▸ ABOUT THIS EXERCISE: Once you reach the line with "Данный вид развлечение", transcribe it and every line after it to the end of the records, exactly, but not the pictures.

•••••

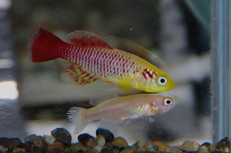 乾季になると水が干上がるので数カ月しか生きられないのは、卵生メダカの1年生魚。ノソブランキウス・ギュンテリーもその仲間です。派手な色がオスで、色の白いのがメス。乾燥に耐える耐久卵は、次の雨期になると孵化します。
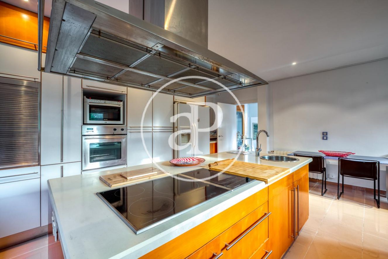 aProperties Real Estate les presenta en EXCLUSIVA esta magnífica propiedad que hoy les presentamos: Diseño, lujo y exclusividad, son los mejores adjetivos que describen a este espectacular ático dúplex a estrenar de 245 m2 con terraza privada única en su zona, reformado íntegramente cuidando el más mínimo detalle en toda la vivienda. Situado en una zona privilegiada de Sant Cugat, cuenta con una espaciosa y cómoda zona comunitaria con consejería, bonita e íntima piscina con zona ajardinada, pista de pádel y zona infantil. Ubicado en el prestigioso barrio de l'Eixample a 6 minutos andando de la estación de FFCC Sant Cugat y próximo de todo tipo de servicios, comercios, gimnasios, restaurantes y conexión directa por autobús con infinitud de puntos de interés. La vivienda se distribuye en 2 plantas, en la planta baja encontramos un espacioso salón comedor que gracias a sus grandes ventanales nos permite salir al espacio exterior con una privacidad única. Encontramos además una amplia cocina office de las mejores calidades, totalmente equipada con electrodomésticos más exclusivos de las marcas PREMIUM del mercado, zona de lavandería independiente y baño completo. Siguiendo nuestro recorrido encontramos 4 habitaciones dobles, todas ellas exteriores, dos de ellas en formato suite. Gracias a unas bonitas escaleras desde el vestíbulo accedemos a dos majestuosas habitaciones muy espaciosas con vistas panorámicas a la ciudad de Sant Cugat y montaña, así como espacio de vestidor y almacenaje, así como un baño completo. La vivienda dispone de 2 plazas de aparcamiento en la misma finca. ACABADOS DE CALIDAD: suelos de parqué, calefacción individual a gas por radiadores, aire acondicionado por conductos (bomba de frío y calor), carpintería exterior con doble cristal de la máxima calidad, carpintería interior de madera lacada en blanco, consejería, y muchos más. UBICACIÓN: Ubicada en una zona privilegiada y exclusiva de l'Eixample, cuenta con excelentes comunicaciones con las principales carreteras con acceso inmejorables a Barcelona y alrededores. La zona de l'Eixample destaca por sus zonas residenciales tranquilas y caracterizadas por su proximidad a infinitud de servicios, comercios y servicios médicos a escasos minutos. No dude en contactar con el equipo experto de aProperties Real Estate para la búsqueda de su nuevo hogar, siempre eficaces, cercanos y profesionales.
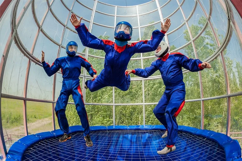 Данный вид развлечение представляет собой замкнутое пространство в виде трубы, направленной вверх. Снизу вместо части пола установлена сетка, через которую подается поток воздуха со скоростью до 300 км/ч. Он поднимает человека, позволяя ему парить, забыв о существовании земного притяжения. Получить такие ощущения можно только прыгнув с парашютом, и летя до раскрытия купола. Процесс сродни парению птиц. Расположены точки развлечений в Санкт-Петербурга на Северной дороге 12 и Приморском проспекте 72.
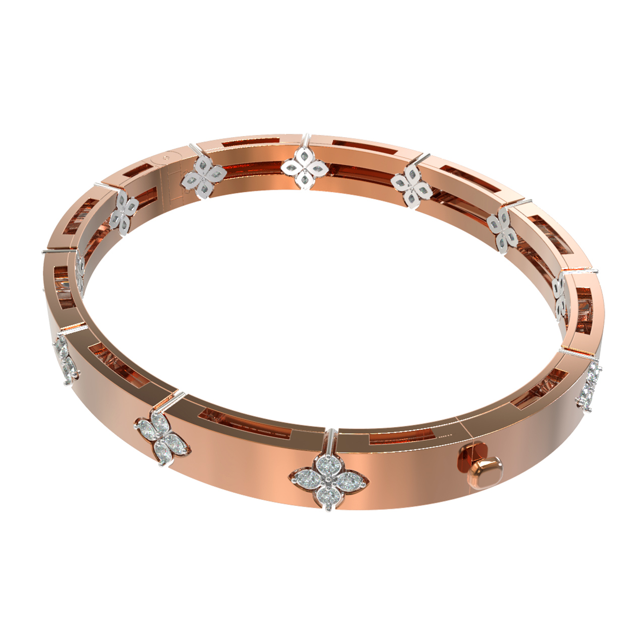 Центральным элементом композиции выступают 352 бриллианта круглой формы, которые сияют холодным белым светом, формируя изысканные цветочные мотивы. Благодаря искусной огранке каждый камень максимально раскрывает свою природную красоту. Этот золотой браслет универсален и подходит как для женщин, так и для мужчин, предпочитающих статусные аксессуары. Изделие гармонично сочетается с другими украшениями и может стать частью стильного комплекта.
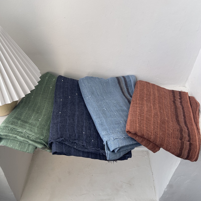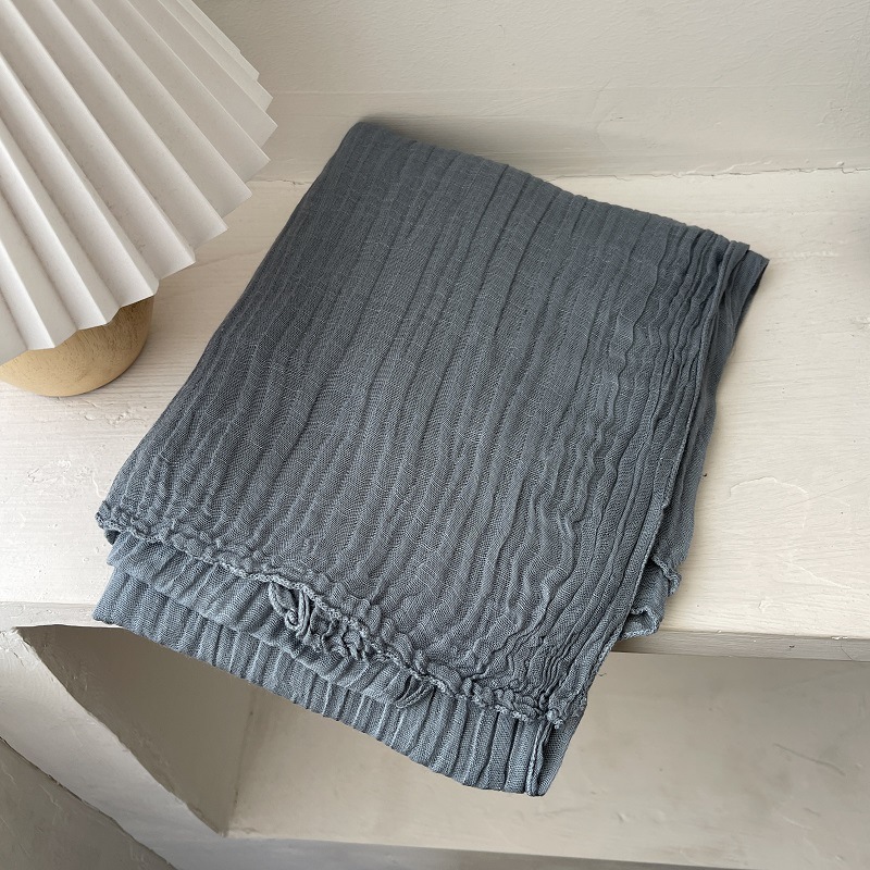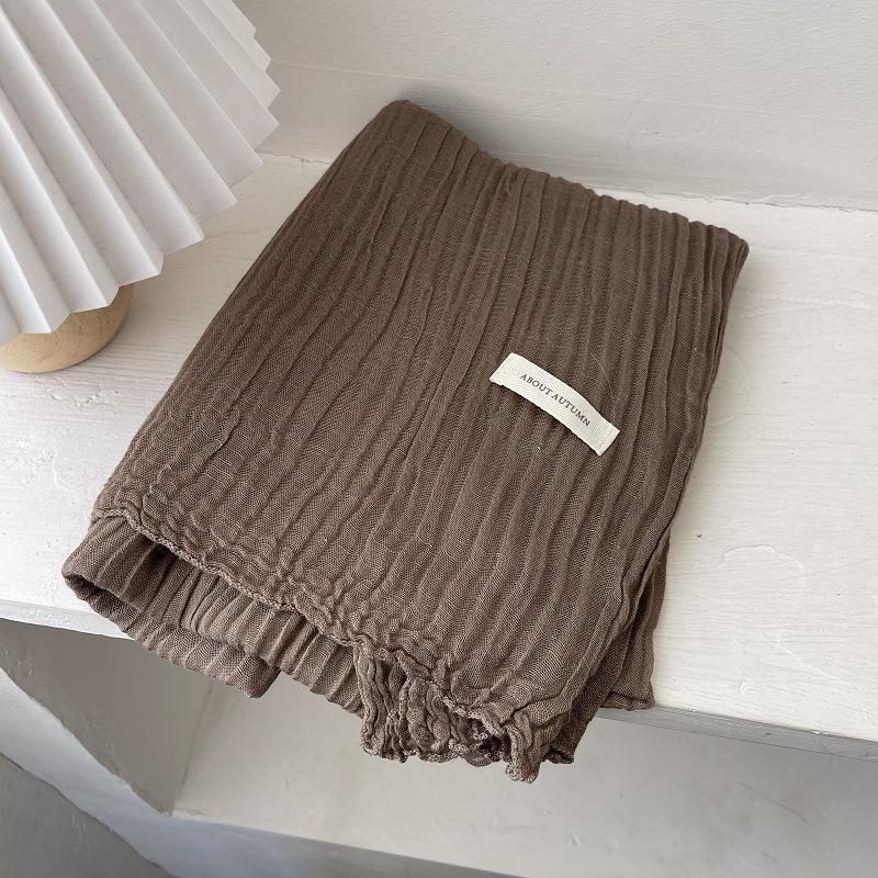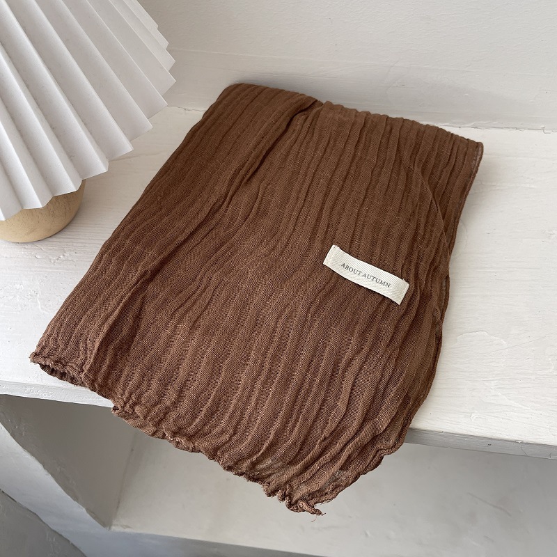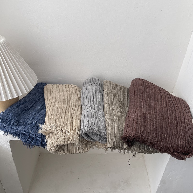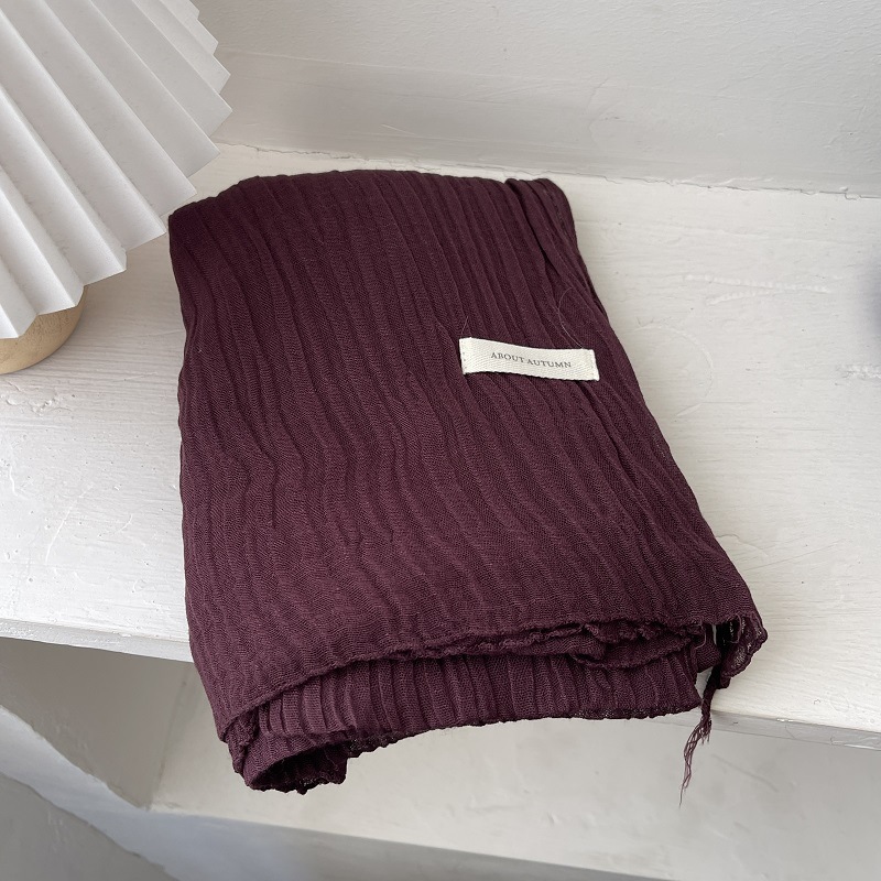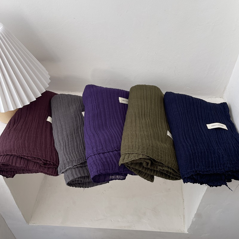 清冷感日系复古文艺纯色褶皱棉麻披肩春秋质感纯棉围巾女护颈围脖

•••••

▸ ANSWER SPACE:
 Данный вид развлечение представляет собой замкнутое пространство в виде трубы, направленной вверх. Снизу вместо части пола установлена сетка, через которую подается поток воздуха со скоростью до 300 км/ч. Он поднимает человека, позволяя ему парить, забыв о существовании земного притяжения. Получить такие ощущения можно только прыгнув с парашютом, и летя до раскрытия купола. Процесс сродни парению птиц. Расположены точки развлечений в Санкт-Петербурга на Северной дороге 12 и Приморском проспекте 72.
 Центральным элементом композиции выступают 352 бриллианта круглой формы, которые сияют холодным белым светом, формируя изысканные цветочные мотивы. Благодаря искусной огранке каждый камень максимально раскрывает свою природную красоту. Этот золотой браслет универсален и подходит как для женщин, так и для мужчин, предпочитающих статусные аксессуары. Изделие гармонично сочетается с другими украшениями и может стать частью стильного комплекта.
 清冷感日系复古文艺纯色褶皱棉麻披肩春秋质感纯棉围巾女护颈围脖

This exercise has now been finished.